3.5. Acknowledging that Customer (and not Company): (i) controls the nature and contents of Customer Data (including any Personal Information/ Personal Data therein); and (ii) acts as its own system administrator and controls user access to Customer Data (including any Personal Information/ Personal Data therein), Customer represents and warrants that on the date of this DPA and during the Term:

  • 3.5.1. Personal Information/ Personal Data has been and will be collected and Processed by Customer in accordance with applicable Privacy/Data Protection Laws;
  • 3.5.2. Customer will take all steps necessary to ensure it achieves the foregoing, including without limitation, by providing Data Subjects with appropriate privacy notices, obtaining any required consent, and ensuring that there is a lawful basis for Contracted Processors to Process Personal Information/ Personal Data.

4. Sub-Processing

4.1. If Customer and Company have entered into Standard Contractual Clauses as described in Section 5 (Cross- Border Transfers), the authorizations in this DPA will constitute Customer’s prior written consent to the subcontracting by Company of the Processing of Customer’s Personal Data if such consent is required under the Standard Contractual Clauses, and (ii) the parties agree that the copies of the agreements with Authorized Sub-processors that must be provided by Company to Customer pursuant to Clause 5(j) of the Standard Contractual Clauses may have commercial information, or information unrelated to the Standard Contractual Clauses or their equivalent, removed by the Company beforehand, and that Company will provide such copies only upon request by Customer.

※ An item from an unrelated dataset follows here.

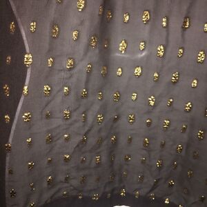 Grey wool blend front with buttons and pockets, back panel is silk with gold polka dots. Has a minor barely noticeable snag (see pictures). Size Medium

Notwithstanding this, Customer consents to Company engaging (i) the Sub-processors listed in this section 4.1; and (ii) new Sub-processors provided that Company gives Customer reasonable prior notice which may be given by posting details of such addition (or the removal of a Sub-Processor) at the following:] https://www.responsive.io/dpa-sub-processor-list.

Approved Company’s Sub-Processors

Sub-Processor Purpose Location (By Country)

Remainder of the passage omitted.